Like its big tech peers, this business is benefiting tremendously from renewed investor interest. But is this top social media stock a smart buy right now? Let's take a closer look. 

An incredibly lucrative segment 

By owning four incredibly popular social media services -- Facebook, Instagram, WhatsApp, and Messenger -- Meta commands user attention like no other. As of the most recent quarter (ended June 30), the company reported having 3.07 billion daily active users on its platform. This means that 38% of the global population interacts with a Meta product on a day-to-day basis. That scale is truly remarkable. 

The result is an incredibly lucrative digital ad business. Meta holds the second-place position behind Alphabet in the digital advertising market, both in the U.S. and on a global level. Segment revenue of $31.7 billion last quarter was up 11.8% year over year, an improvement from the past few quarters despite ongoing macro headwinds. And this segment is very profitable, posting an operating margin of 41%.

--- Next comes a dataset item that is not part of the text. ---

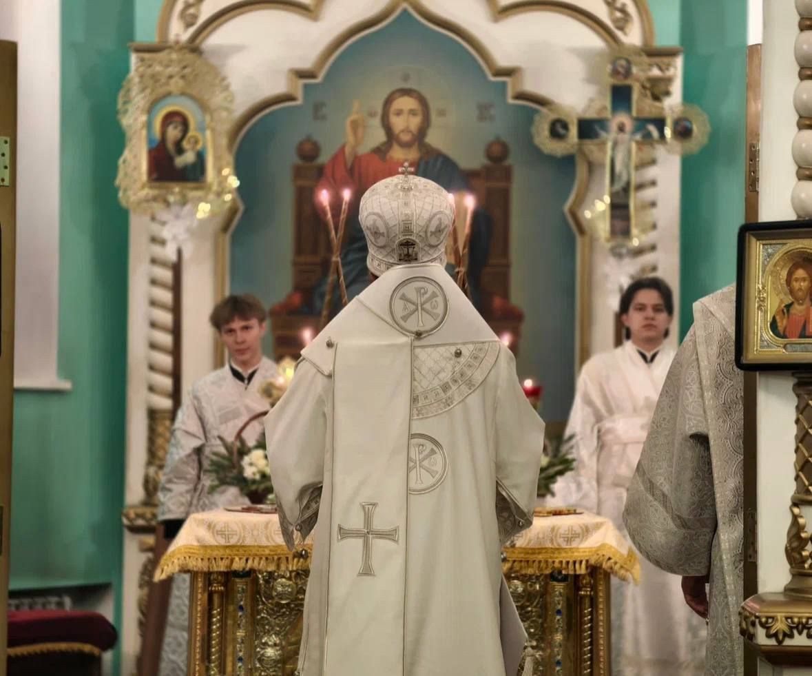 На входе в храм прихожане встретили владыку хлебом-солью.

It's hard to understate the dominant position Meta has through facilitating human interaction and connection. And this has resulted in sizable cash profits over the years, which we have no reason to believe won't continue. 

AI push 

The business made headlines when Mark Zuckerberg changed the company's name and refocused the strategy around the metaverse, which consists of virtual worlds where humans can interact with each other in new ways. Since the start of 2022, the so-called Reality Labs division has generated a cumulative operating loss of more than $21 billion. Of course, investors are wondering if this strategy will even pay off. 

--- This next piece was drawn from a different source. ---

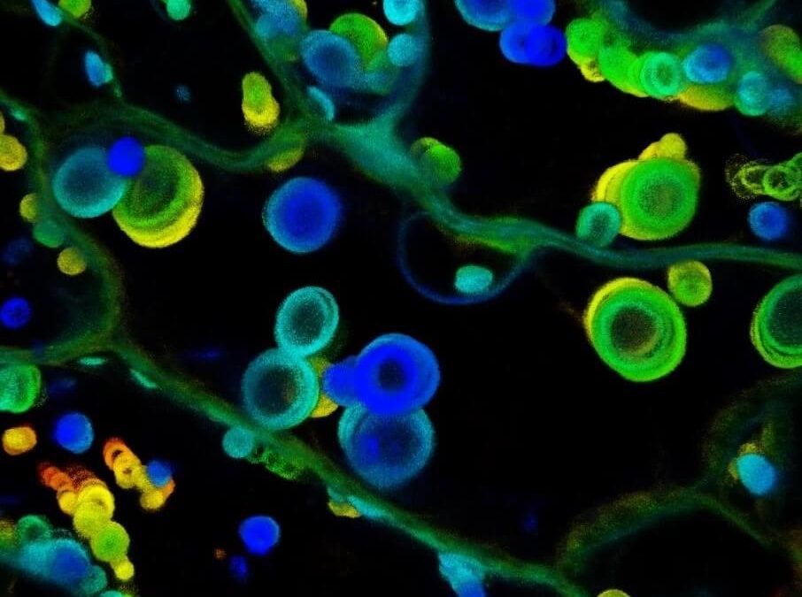 Image d’une cellule végétale observée au microscope confocal. La couleur indique l’accumulation d’un facteur de virulence de champignon dans la plante. par Françoise Descoteaux | Juin 27, 2018

But while the metaverse ambitions have cost a lot of money thus far with no tangible results to show for it, Meta is positioning itself to be a leader in the age of artificial intelligence (AI). On the consumer side, AI will help people find new ways to connect with each other, as well as provide chat assistants and improve image editing. And for the businesses that use Meta's advertising capabilities, a new suite of tools called Advantage+ can improve targeting and drive efficient marketing spending. 

Why wouldn't a company that has billions of users and the capabilities to collect so much data not be at the forefront of AI innovations? Meta is in a prime position to benefit as this new technology becomes even more prevalent in our society. And this could provide greater financial upside when it comes to revenue and earnings potential. 

Meta's valuation is attractive 

Even after shares have catapulted higher this year, they don't appear to be expensive. Right now, they trade at a forward P/E ratio of 24.2. For comparison's sake, the average company in the Nasdaq 100 Index sells at a multiple of 26.1. And between the other major tech companies, including Alphabet, Apple, Amazon, and Microsoft, Meta is the cheapest when it comes to the forward P/E ratio. 

The business is expected to increase revenue by 11% and diluted earnings per share by 23.7% on an annualized basis between 2022 and 2027, according to consensus analyst estimates. Those would be outstanding growth rates, making the current valuation very attractive. 

Even if the metaverse push ends up being a big waste of time and money, the company's dominance in social media and digital advertising justifies starting a position in the stock.